If regulators are serious about tackling the systemic corruption that lies at the heart of ‘crypto,’ they need to bust the myth of ‘decentralization’ that tries to obfuscate responsibility for the sector’s criminality.
Many of those who tuned in to Wednesday’s U.S. Senate Committee on Banking, Housing and Urban Affairs hearing into the collapse of the FTX digital asset exchange took great delight in mocking Kevin O’Leary, the self-described Mr. Wonderful, bemoaning the loss of the $15 million—in tokens held on FTX—he received for being FTX’s paid spokesman.

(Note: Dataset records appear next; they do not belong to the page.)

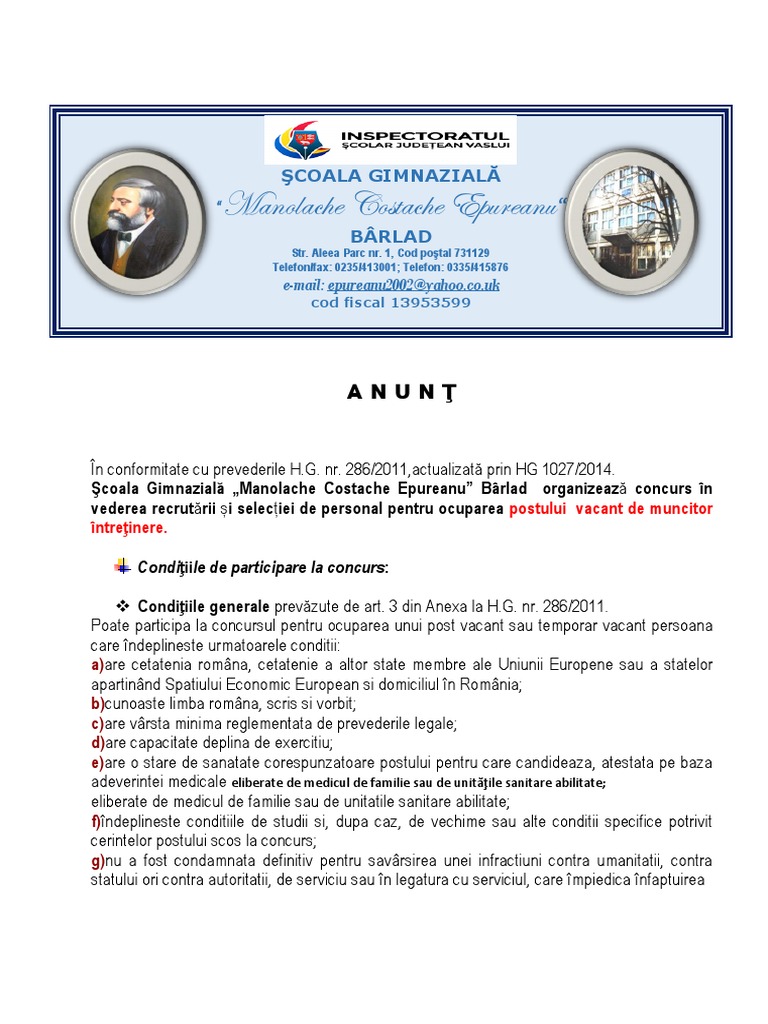 286 2011 pentru aprobarea regulamentului cadru privind stabilirea principiilor generale de ocupare a unui post vacant sau temporar vacant corespunzator functiilor contractuale si a criteriilor de promovare in grade sau trepte profesionale imediat superioare a personalului contractual din sectorul bugetar platit din fonduri publice a fost publicat in monitorul oficial al romaniei partea. Textul publicat in monitorul oficial al romaniei. Actualizata pana la data de 20 aprilie 2016 emitent guvernul in temeiul art. 286 2011 pentru aprobarea regulamentului cadru privind stabilirea principiilor generale de ocupare a unui post vacant sau temporar vacant corespunzator functiilor contractuale si a criteriilor de promovare in grade sau trepte profesionale imediat superioare a personalului contractual din sectorul bugetar platit din fonduri publice.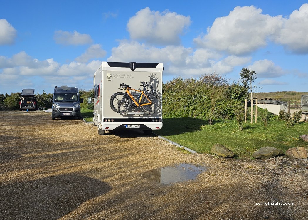 Beautiful spot with very friendly and helpful hosts. Fresh eggs in the morning. Toilets are closed due to COVID 19 ( 13.nov.20) but seen earlier this year and it’s realy clean and homie. Large parkings on Gras. Even in strong winds we had no problems and had a peaceful night
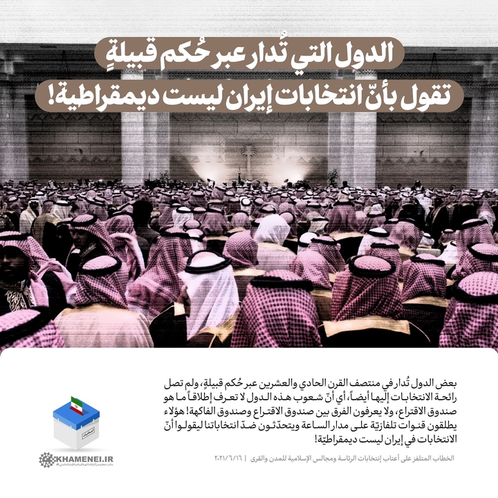 بعض الدول تُدار في منتصف القرن الحادي والعشرين عبر حُكم قبيلةٍ، ولم تصل رائحة الانتخابات إليها أيضاً، أي أنّ شعوب هذه الدول لا تعرف إطلاقاً ما هو صندوق الاقتراع، ولا يعرفون الفرق بين صندوق الاقتراع وصندوق الفاكهة! هؤلاء يطلقون قنوات تلفازيّة على مدار الساعة ويتحدّثون ضدّ انتخاباتنا ليقولوا أنّ الانتخابات في إيران ليست ديمقراطيّة!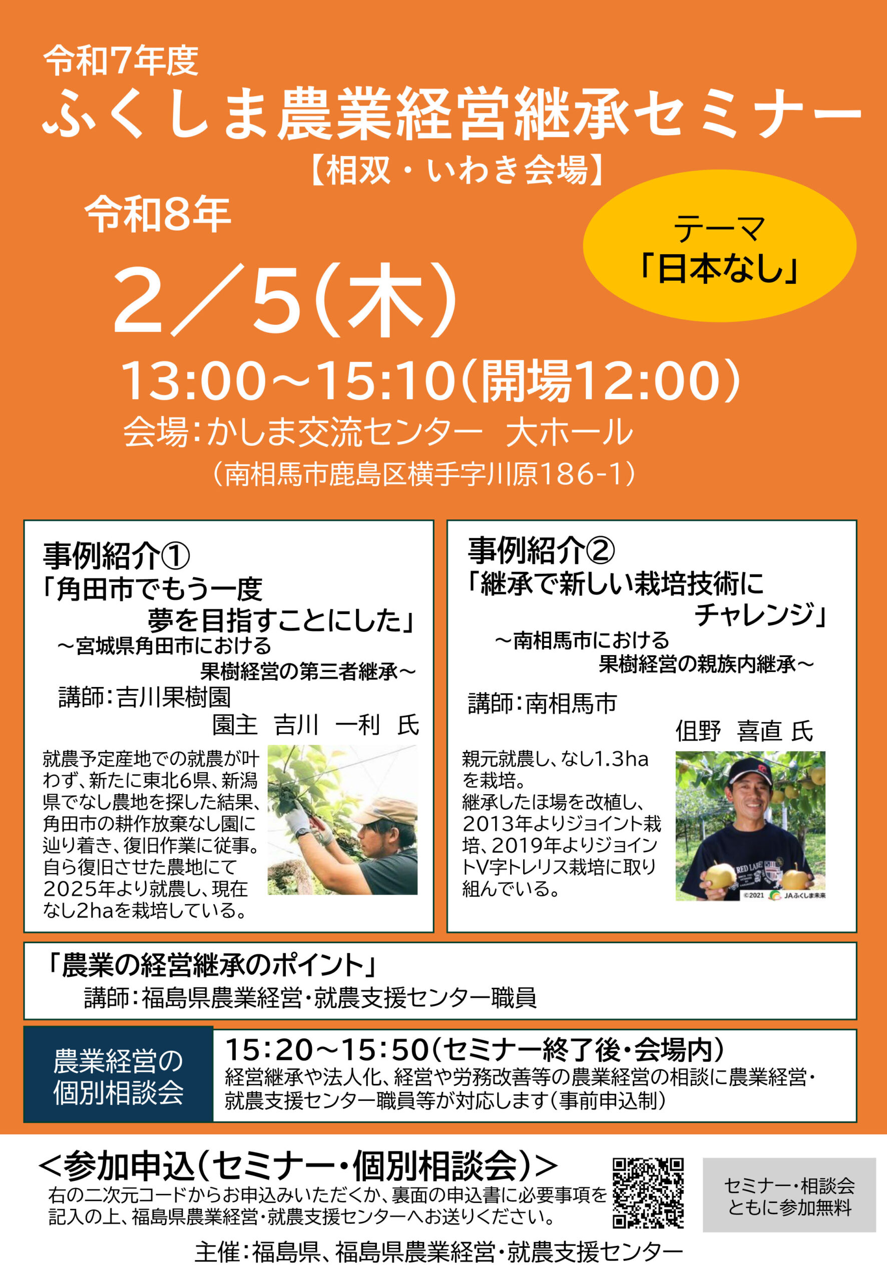【農業者向け・テーマ「日本なし」/相双・いわき会場会場】2/5(木) 令和7年度ふくしま農業経営継承セミナーを開催します!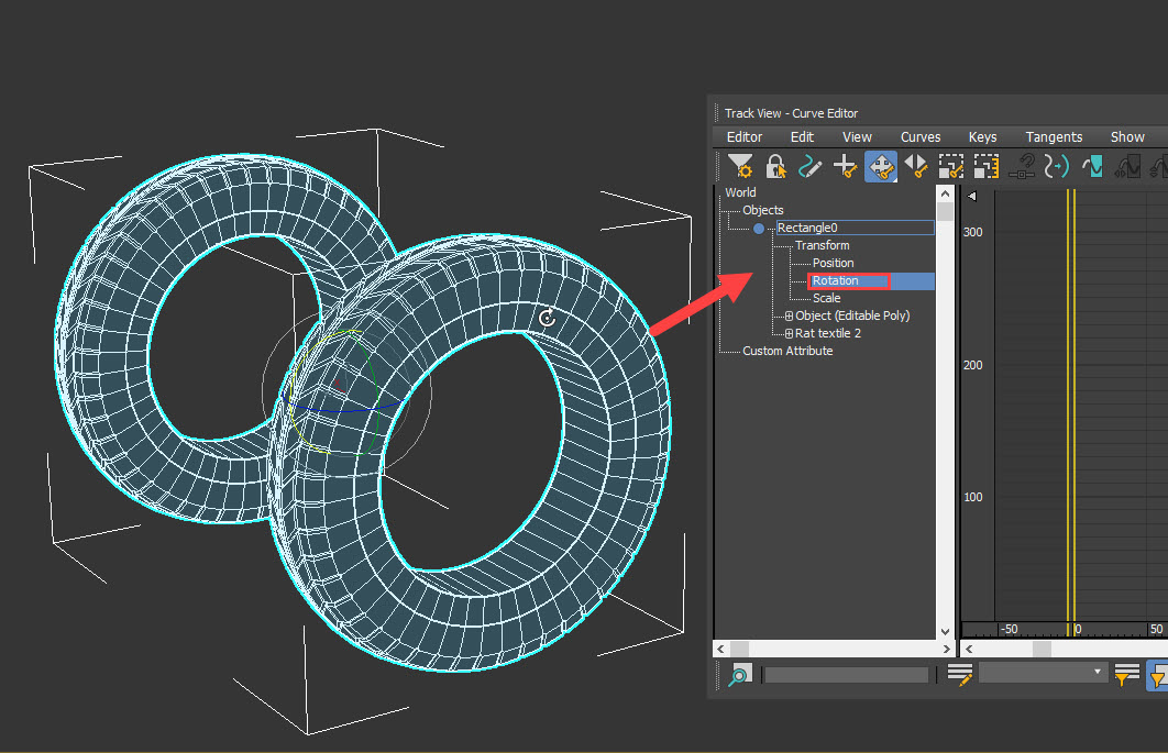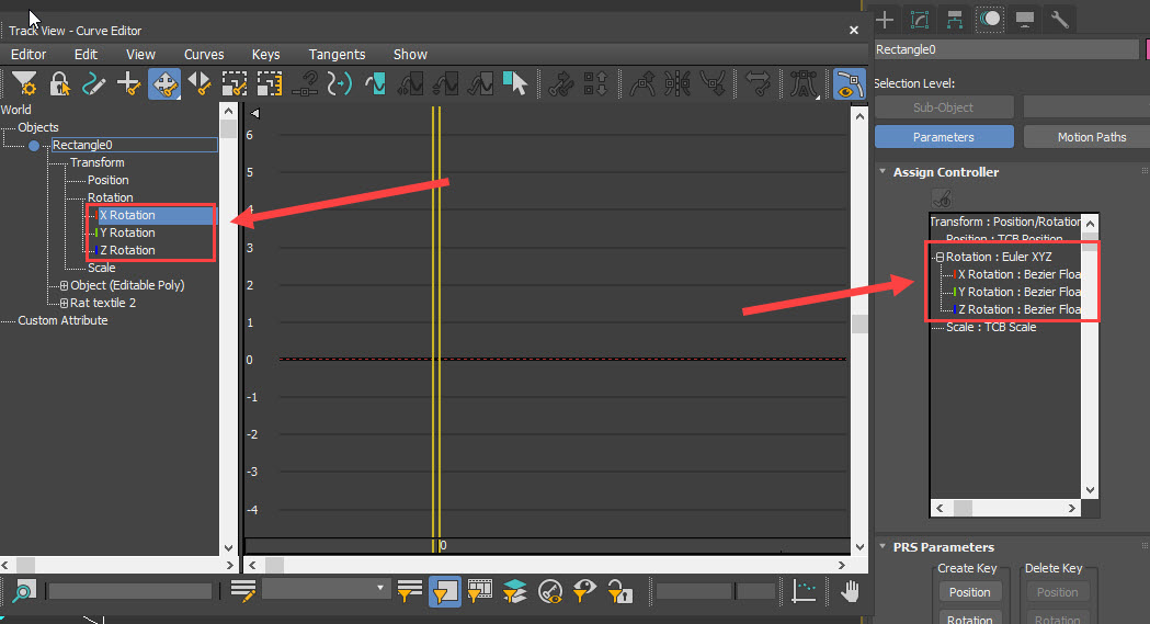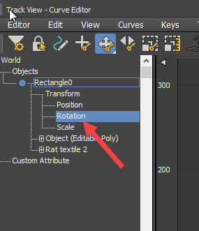 3)오브젝트의 커브 에디터(track view)에서 rotation 트랙을 선택합니다.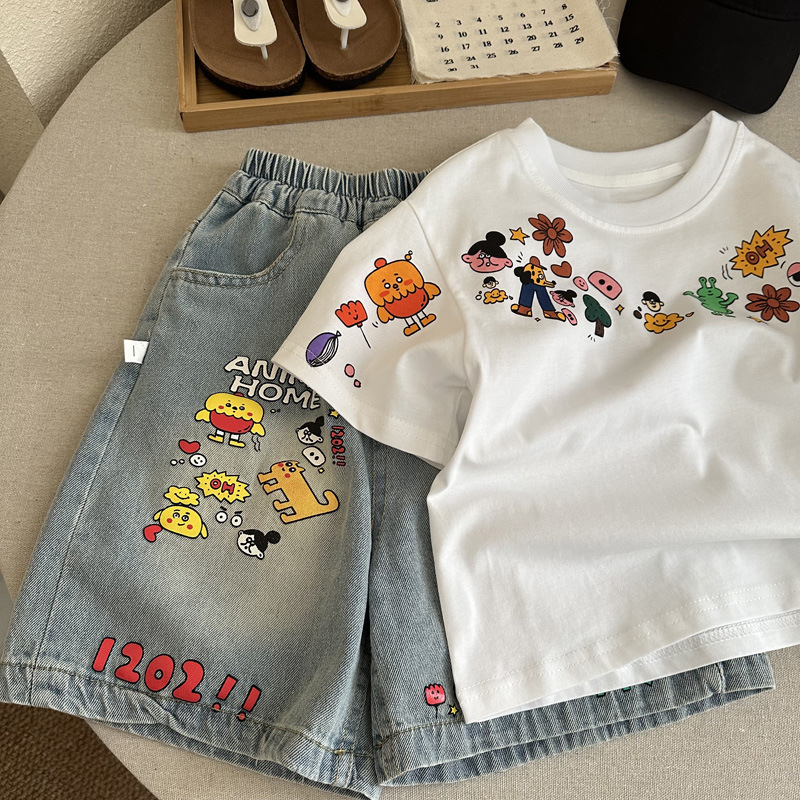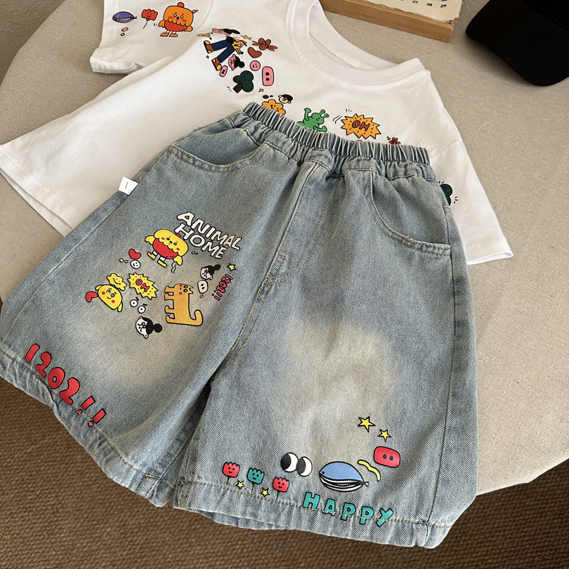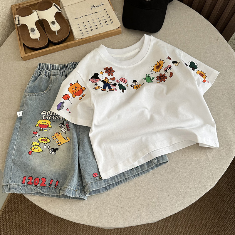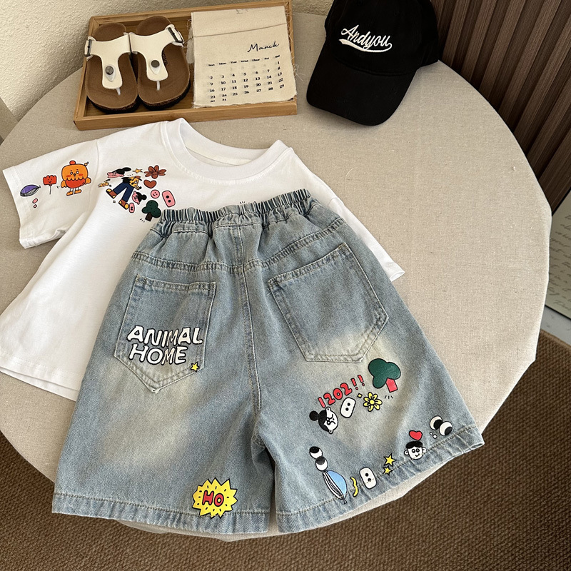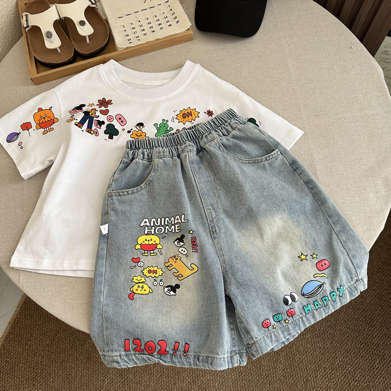 인기 있는 어린이 여름 정장 새로운 반팔 데님 바지 소년과 어린이를위한 느슨한 만화 투피스 세트스토어 가기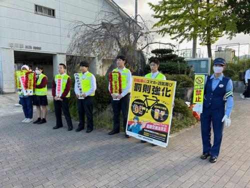 10月25日(金)早朝より、福知山警察署員、地域の交通指導員の方々と、京都府自転車安全利用推進員の講習を受けて推進員となった本校生徒(剣道部有志)が協力してプラカードを持ち、「ながらスマホ」の禁止や自転車を安全に乗るための啓発活動、自転車の鍵かけの呼びかけ等に取り組みました。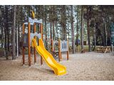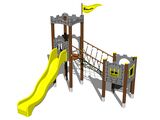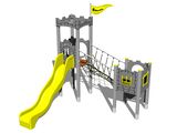 2x tower, slide, 3x barrier from HDPE, sloping net access, fire pole, rope bridge, vertical climbing wall on the tower with steps, flag, battlements from HDPE. More information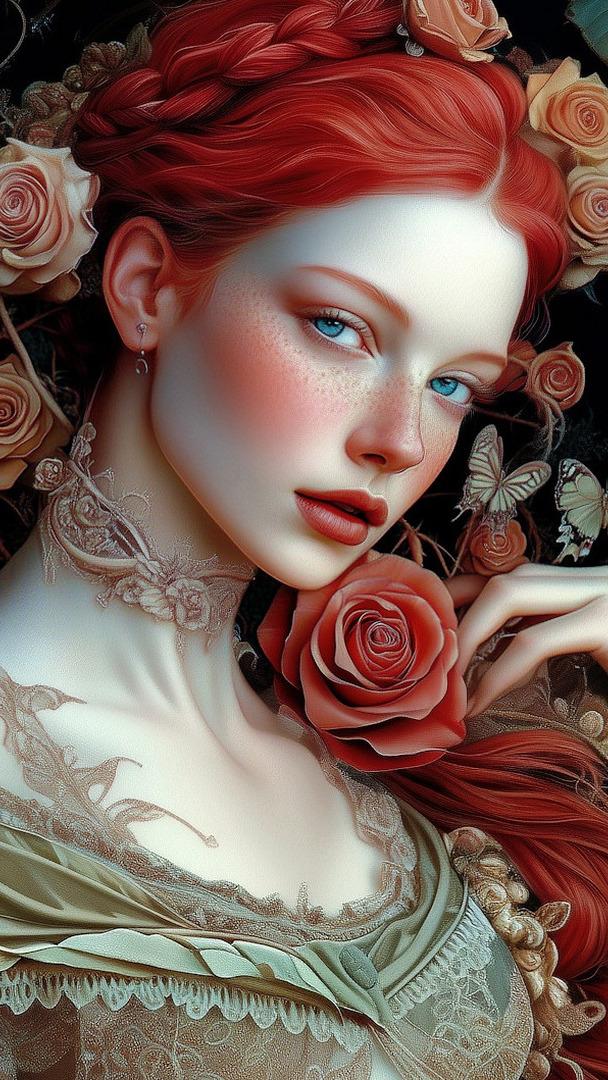 Edytor tapety: Rudowłosa dziewczyna z piegami na twarzy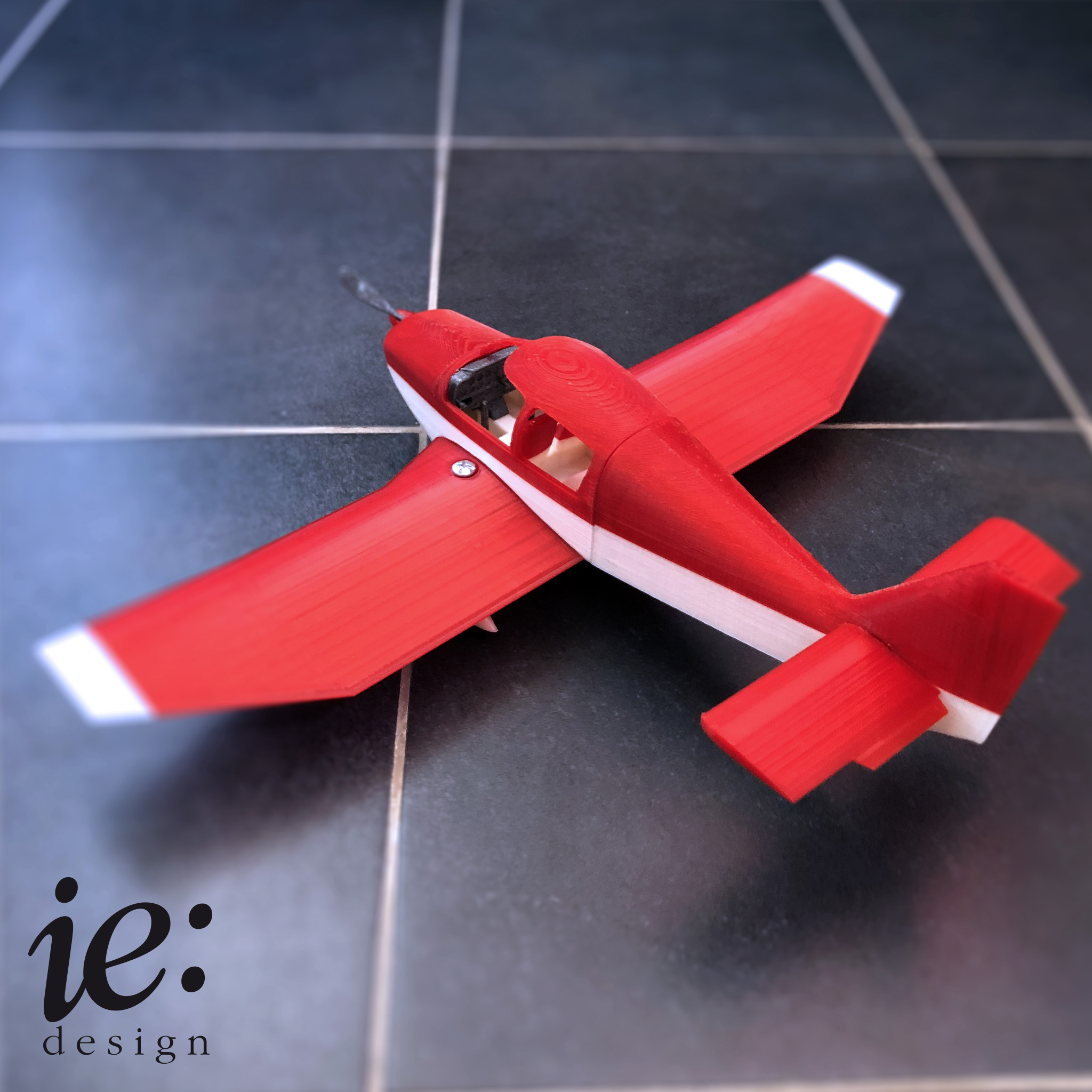 Ce modèle d'impression 3D présente un intérieur détaillé avec quatre siège et le tableau d'instrumentation. Les roues et l'hélice sont mobiles.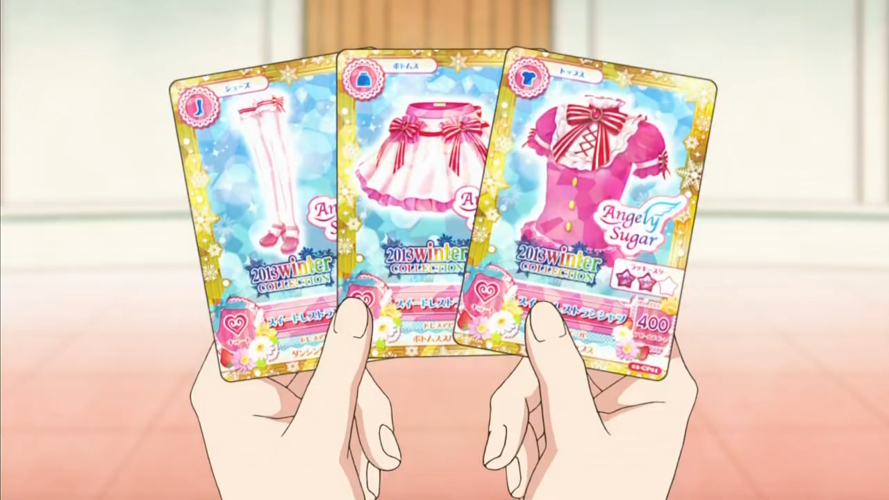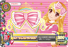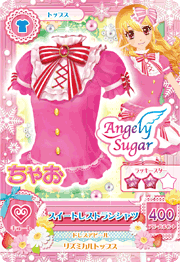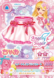 Sweet Restaurant Coord (スイートレストランコーデ) is a campaign rare coord made by the cute brand Angely Sugar. It debuted in Part 2 of the Data Carddass Aikatsu! series and in Episode 12 of the anime. It shares its design with the Sky Restaurant Coord, and is a part of the 2013 Winter Collection.

But many of those laughing at O’Leary felt nothing but venom for another of the hearing’s invited guests, Hilary J. Allen, Professor of Law at the American University Washington College of Law. The aggro directed Allen’s way had little to do with anything she said specifically about FTX, but rather her demolition of one of BTC’s most treasured myths: the notion that BTC is superior to traditional financial systems because BTC is decentralized.
— BSV Bulldoggy (@bsvbulldoggy) December 15, 2022
In her prepared statement to the committee, Allen listed a number of popular narratives as to what brought down FTX. These included the fact that FTX was a centralized exchange and thus the public had no way of spotting FTX’s thieving of customer deposits to mask massive trading losses at FTX’s sister company Alameda Research. An exchange based on ‘decentralized finance’ (DeFi), the argument goes, would be far more transparent about its activities, but would also avoid such mischief because it “lacks the kinds of conflicts of interest and profit motives that drove FTX to siphon off customer assets.”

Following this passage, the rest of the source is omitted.